WORK TO COMPLETE = If an entry holds a picture, leave the picture out and copy the rest exactly.
######
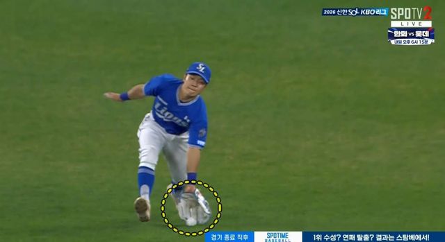 그런데 TV 중계 화면은 다른 장면을 보여줬다. 공이 그라운드에 한 차례 바운드된 뒤 김지찬의 글러브로 들어간 것이 육안으로도 확인됐다. 중계진도 "비디오 판독은 가지 않네요"라며 의외라는 반응을 드러냈다. 채은성 역시 더그아웃 쪽을 바라보며 비디오 판독 요청 의사를 전달하는 듯한 제스처를 취했다.
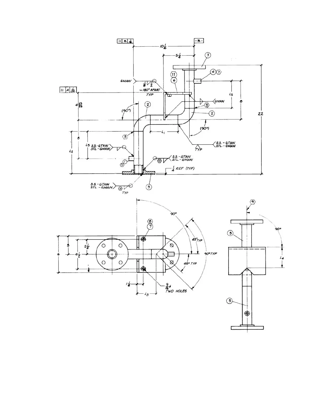 C–37. 861104: Fabrication details, 1” to 3” Z-pipe section (sheet 2 of 2)
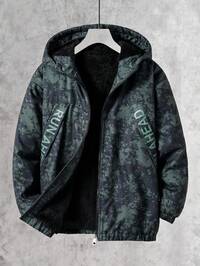 VacauraVacaura Teen Boys Casual Fashion Black White Gray Snowflake Letter Digital Print Hooded Thermal Lined Jacket, Loose Fit, Comfortable, Versatile, Suitable For Autumn, Spring, Winter, Daily Wear, Commuting, Outdoor, Sports, School, Streetwear, Party, Photography #1 Bestseller
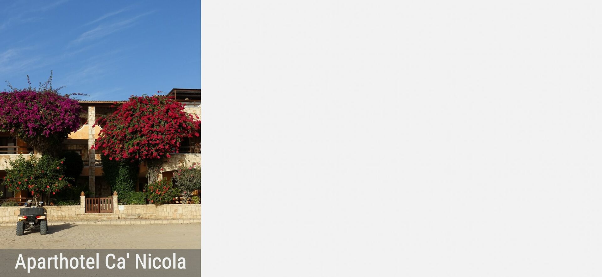 16.172137 -22.914886 | Gerade mal 50 m vom Strand entfernt befinden sich die 27 Apartments des Aparthotels Ca' Nicola. Das persönlich und familiär geführte, sowie liebevoll gestaltete Aparthotel, bietet eine attraktive Lage mit Flair für Gäste, die das Individuelle lieben. WLAN ist ohne Gebühr verfügbar und auch das Frühstücksbuffet ist im Preis enthalten. | €€ | Sal Rei, Ilha da Boavista | http://www.canicola.com/ | info@canicola.com | Tel.: +2382511793 | siehe Touren 66–75 |
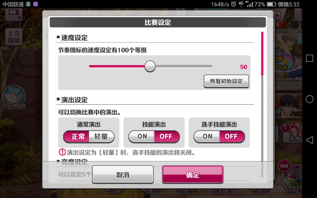 4.关于打歌的那些卡顿问题,除去bug和手机配置问题,可以试一下在比赛设定里面调速,个人感觉50初始速值很怪异,因为调到了70以上就会发现谱面的变化是真的很大,按键什么的也很丝滑(我是75/80。推荐用粉蓝键那种(忘了截图,fcm已经肝完时间了)。那种模式会看得比较清晰,不会容易漏键。如果这样也还是很卡顿的话那只能够建议把选手技能给关了吧,其实把选手技能关掉之后谱面也容易看很多(?
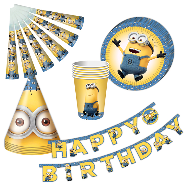 Красочный дизайн с изображениями любимых персонажей - то что нужно, что бы сделать праздник незабываемым! Такая посуда абсолютно безопасна и ее не надо мыть. Гирлянда преобразит ваше помещение, а набор дуделок поможет организовать конкурсы и другие развлечения. приобрести набор для Дня Рождения в стиле Миньонов вы можете сделав заказ на нашем сайте.
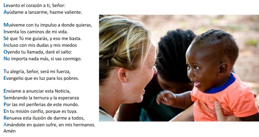 La misión te espera Publicado el 22 octubre, 201721 octubre, 2017 por Isidro y Esther En el día del DOMUND nos unimos a toda la Iglesia orante y pedimos al dueño de la mies que siga suscitando vocaciones misioneras que lleven la Buena Noticia a todos los rincones de la Tierra. Tu voto:Comparte en: Compartir en Telegram (Se abre en una ventana nueva) Telegram Compartir en LinkedIn (Se abre en una ventana nueva) LinkedIn Haz clic en Pinterest (Se abre en una ventana nueva) Pinterest Comparte en Facebook (Se abre en una ventana nueva) Facebook Compartir en WhatsApp (Se abre en una ventana nueva) WhatsApp Enviar un enlace a un amigo por correo electrónico (Se abre en una ventana nueva) Correo electrónico Compartir en X (Se abre en una ventana nueva) X Más Compartir en Reddit (Se abre en una ventana nueva) Reddit Compartir en Menéame (Se abre en una ventana nueva) Menéame Compartir en Tuenti (Se abre en una ventana nueva) Tuenti Imprimir (Se abre en una ventana nueva) Imprimir Me gusta Cargando... Relacionado
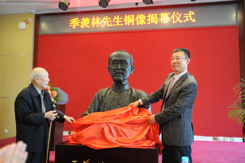 王伟董事长代表北大山东校友会向母校捐赠季羡林先生铜像
######
ANSWER FOR THIS EXERCISE =
 그런데 TV 중계 화면은 다른 장면을 보여줬다. 공이 그라운드에 한 차례 바운드된 뒤 김지찬의 글러브로 들어간 것이 육안으로도 확인됐다. 중계진도 "비디오 판독은 가지 않네요"라며 의외라는 반응을 드러냈다. 채은성 역시 더그아웃 쪽을 바라보며 비디오 판독 요청 의사를 전달하는 듯한 제스처를 취했다.
 C–37. 861104: Fabrication details, 1” to 3” Z-pipe section (sheet 2 of 2)
 VacauraVacaura Teen Boys Casual Fashion Black White Gray Snowflake Letter Digital Print Hooded Thermal Lined Jacket, Loose Fit, Comfortable, Versatile, Suitable For Autumn, Spring, Winter, Daily Wear, Commuting, Outdoor, Sports, School, Streetwear, Party, Photography #1 Bestseller
 16.172137 -22.914886 | Gerade mal 50 m vom Strand entfernt befinden sich die 27 Apartments des Aparthotels Ca' Nicola. Das persönlich und familiär geführte, sowie liebevoll gestaltete Aparthotel, bietet eine attraktive Lage mit Flair für Gäste, die das Individuelle lieben. WLAN ist ohne Gebühr verfügbar und auch das Frühstücksbuffet ist im Preis enthalten. | €€ | Sal Rei, Ilha da Boavista | http://www.canicola.com/ | info@canicola.com | Tel.: +2382511793 | siehe Touren 66–75 |
 4.关于打歌的那些卡顿问题,除去bug和手机配置问题,可以试一下在比赛设定里面调速,个人感觉50初始速值很怪异,因为调到了70以上就会发现谱面的变化是真的很大,按键什么的也很丝滑(我是75/80。推荐用粉蓝键那种(忘了截图,fcm已经肝完时间了)。那种模式会看得比较清晰,不会容易漏键。如果这样也还是很卡顿的话那只能够建议把选手技能给关了吧,其实把选手技能关掉之后谱面也容易看很多(?
 Красочный дизайн с изображениями любимых персонажей - то что нужно, что бы сделать праздник незабываемым! Такая посуда абсолютно безопасна и ее не надо мыть. Гирлянда преобразит ваше помещение, а набор дуделок поможет организовать конкурсы и другие развлечения. приобрести набор для Дня Рождения в стиле Миньонов вы можете сделав заказ на нашем сайте.
 La misión te espera Publicado el 22 octubre, 201721 octubre, 2017 por Isidro y Esther En el día del DOMUND nos unimos a toda la Iglesia orante y pedimos al dueño de la mies que siga suscitando vocaciones misioneras que lleven la Buena Noticia a todos los rincones de la Tierra. Tu voto:Comparte en: Compartir en Telegram (Se abre en una ventana nueva) Telegram Compartir en LinkedIn (Se abre en una ventana nueva) LinkedIn Haz clic en Pinterest (Se abre en una ventana nueva) Pinterest Comparte en Facebook (Se abre en una ventana nueva) Facebook Compartir en WhatsApp (Se abre en una ventana nueva) WhatsApp Enviar un enlace a un amigo por correo electrónico (Se abre en una ventana nueva) Correo electrónico Compartir en X (Se abre en una ventana nueva) X Más Compartir en Reddit (Se abre en una ventana nueva) Reddit Compartir en Menéame (Se abre en una ventana nueva) Menéame Compartir en Tuenti (Se abre en una ventana nueva) Tuenti Imprimir (Se abre en una ventana nueva) Imprimir Me gusta Cargando... Relacionado
 王伟董事长代表北大山东校友会向母校捐赠季羡林先生铜像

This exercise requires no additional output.